Credit Suisse analysts say energy stocks have become attractive again for the first time in two years, based on strong earnings growth and improved valuations.
“Extended valuations had resulted in Energy’s underperformance since mid-2016, despite a favorable cyclical backdrop, rising oil prices, and robust earnings growth. A combination of strong fundamentals and weaker stock prices makes the sector’s valuations more attractive than they have been in several years,” the researchers wrote.
Oil prices have been rising on geopolitical concerns and a better supply/demand outlook, following a recent sell off. West Texas Intermediate futures were slightly weaker Monday, but they came within 14 cents of a more than four-year high early in the session. WTI futures for May hit a high of $66.55 per barrel, a level it also reached in January.

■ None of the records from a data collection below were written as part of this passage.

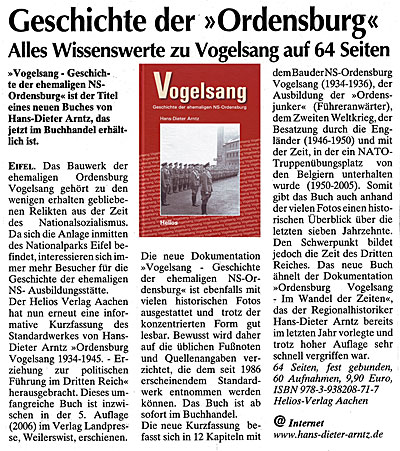 Als neue Anerkennung ist sicher auch die Entscheidung des NRW-Ministeriums für Generationen, Familie, Frauen und Integration in Düsseldorf zu werten. Nach Überprüfung des Standardwerkes durch die Landeszentrale für politische Bildung NRW teilte der Leiter des Referates für Printmedien, Prof. Dr. Andreas Kost, mit, einen Teil der 5. Auflage zu erwerben. Das Buch „Ordensburg Vogelsang 1934-1945 – Erziehung zur politischen Führung im Dritten Reich“ soll „ in fachspezifischen Kontexten der Gedenkstättenarbeit in der Landzentrale für politische Bildung NRW“ eingesetzt werden. Der Euskirchener Autor Hans-Dieter Arntz freut sich über diesen Entscheid, da für das übliche Printmedienverzeichnis die Dokumentation eigentlich etwas zu speziell ist. In der Regel präferiert die Landeszentrale allgemeinere Überblicksliteratur – so auch beim Thema Gedenkstätten. Das Standardwerk ist natürlich weiterhin im guten Buchhandel und im Besucherforum der Burg Vogelsang im Nationalpark käuflich zu erwerben.
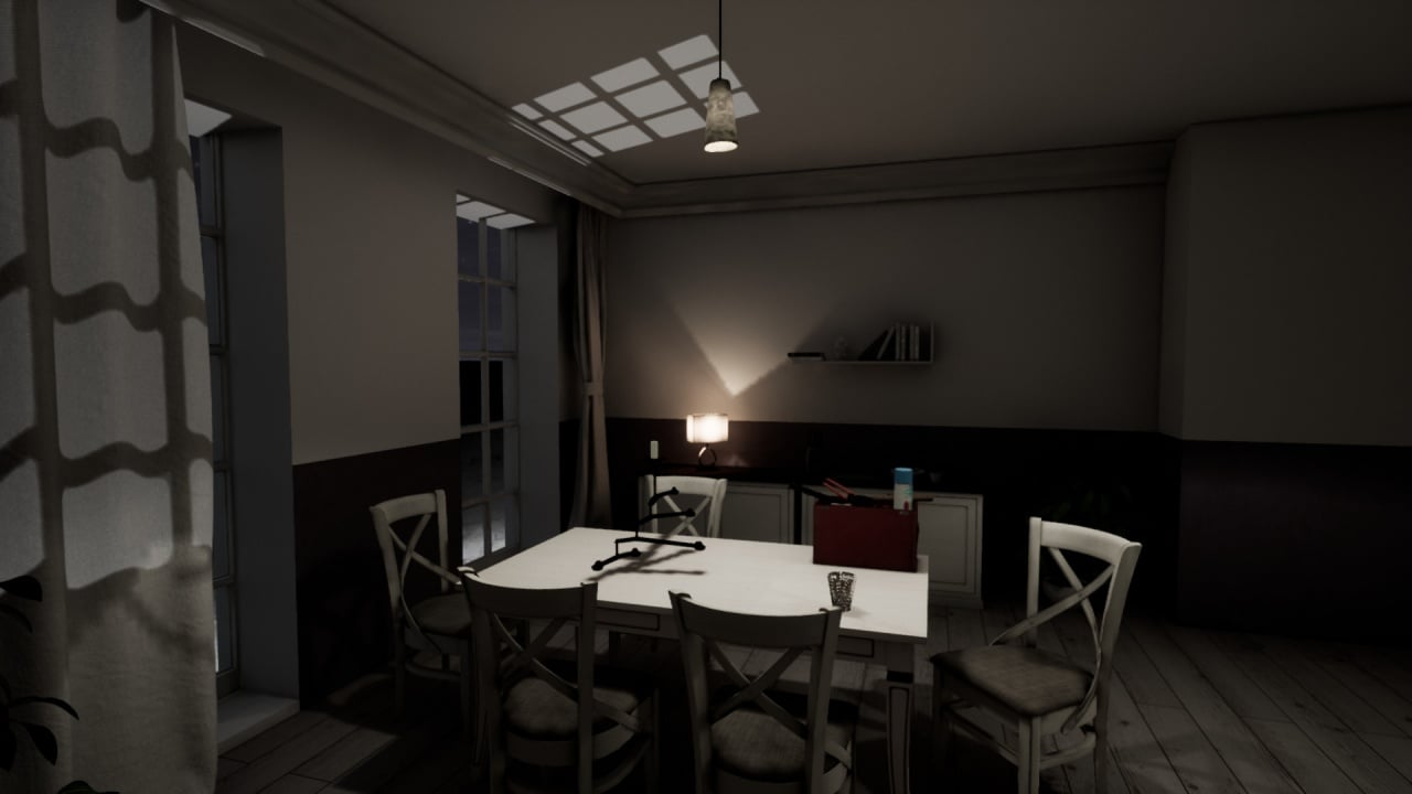 Чтобы сбежать, нужно открыть дверь с магической руной. Однако безымянный протагонист колеблется, утверждая, что ему нужно забрать нечто "самое нужное". Геймеру предстоит разгадать, что именно подразумевает герой. В процессе игрок будет решать головоломки, восстанавливать постоянно отключающееся электричество и избегать встречи с незваным гостем. В этом инди-проекте отсутствует музыка; лишь голоса и звуки создают атмосферу. Уровень их громкости нельзя настроить. Сюжет в начале кажется запутанным, но по мере продвижения открываются новые детали о герое и его преследователе. Проект состоит из четырёх уровней.
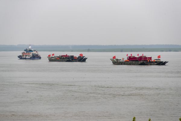演练人员利用漕渡门桥运送大型装备渡江。 通讯员粟毅 摄
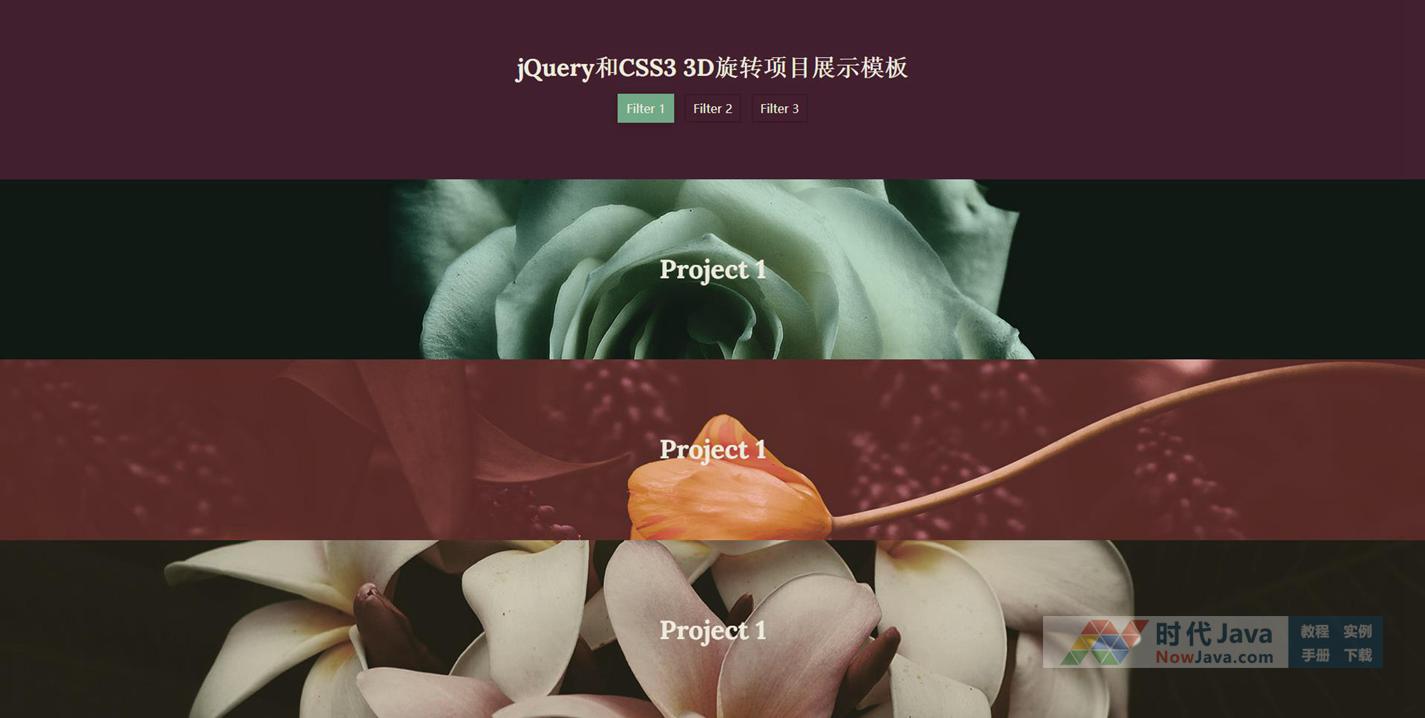 本特效是一款效果非常炫酷的jQuery和CSS3 3D旋转项目展示模板的代码。该模板通过CSS3 3D transform来制作3D立方体的旋转效果,使各个项目在切换时呈现立方体旋转效果。本段代码兼容目前最新的各类主流浏览器,是一款非常优秀的特效源码。本代码适用浏览器:搜狗、360、FireFox、Chrome、Safari、Opera、傲游、世界之窗,不支持IE8及以下浏览器。有兴趣的朋友们可以来下载试试吧!
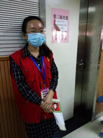 这次我们四个人两两搭档,两个人在眼科验光室,两个人在B超室。验光室的家长相处的还是很融洽的,这可能与非急诊就医有关吧。原本以为不会有多少人的地方,却一大早就有人等待,科技的发展让孩子们的视力水平逐步下降,这是让人感到心痛的。而在那边的工作并不轻松,家长总是在询问为什么还没轮到自己,或是试图进入验光室,亦或者担心别人抢自己前头。志愿者们在那儿应付着各种各样的情况,并且站了3小时后,才暂时结束了工作,十分辛苦。侯诊处的凳子严重不够,好多家长和孩子只能站着等,有些家长甚至带着孩子坐在楼梯口。而且验光速度比较慢,所以好多从安徽赶来的家长都没排上当天的号,给就医带来了极大的不便。所以我们觉得周六周日可以加大医生的资源投入。
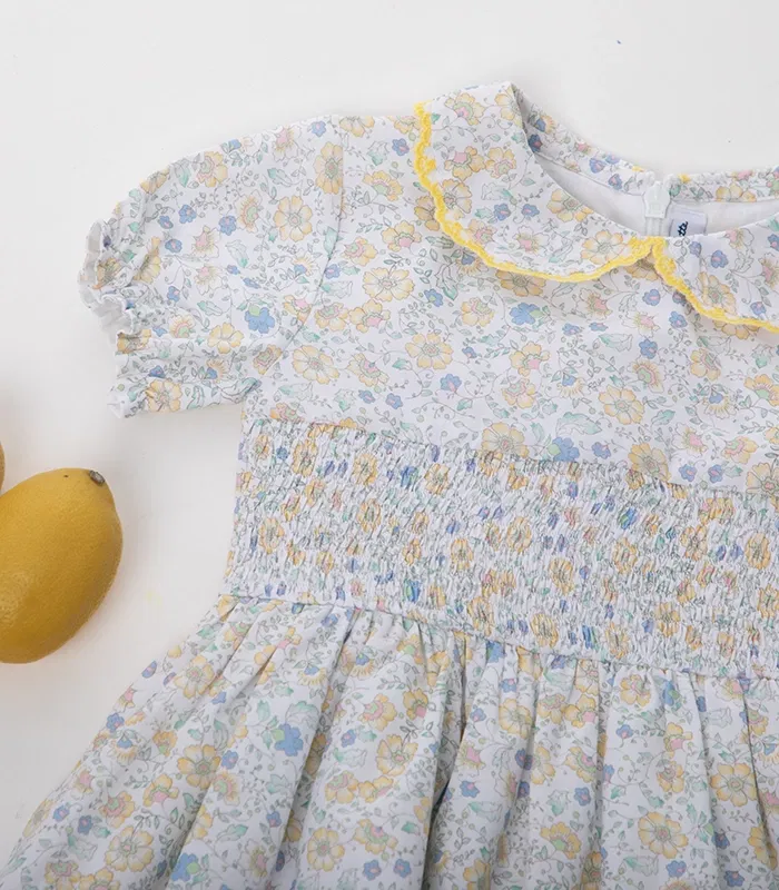 A summery dress for any occasion! Featuring a fresh flowery fabric with delicate smock on the front chest and embroidered collar with beautiful flowers, this dress is the must have for your little girl this season!

Credit Suisse raised the energy sector from underweight to market weight, noting they now find the “case against Energy less compelling.” Earnings are expected to increase 70 percent this year, after rising more than 120 percent last year.
The S&P energy sector was up 0.7 percent Monday, and is down nearly 7 percent year-to-date. The S&P is down 1.7 percent in the same period. The Energy Select Sector SPDR Fund XLE was also up 0.7 percent Monday.
“Energy and each of its major sub-groups have delivered superior earnings growth since mid-2016 on rising oil prices and a robust economic backdrop. That said we have been underweight the group given extremely stretched valuations and the belief that technological advancements will keep crude prices in check over the long-term,” they wrote. They said exploration and production companies have the best growth within the sub-sectors.
Energy’s price to earnings ratio is the second highest of major S&P sectors at 19.1 times forward earnings, compared to 16.3 for the overall S&P 500. Discretionary has the highest P/E on future earnings, at 19.7. Technology is at 18 times. Credit Suisse has overweighted discretionary, tech and financials.
Morgan Stanley analysts, meanwhile, say they have become even more positive on the sector.
“Better inventory data, seasonal and cyclical supply/demand imbalance, and rising geopolitical risk make us increasingly positive on overweight Energy,” they wrote.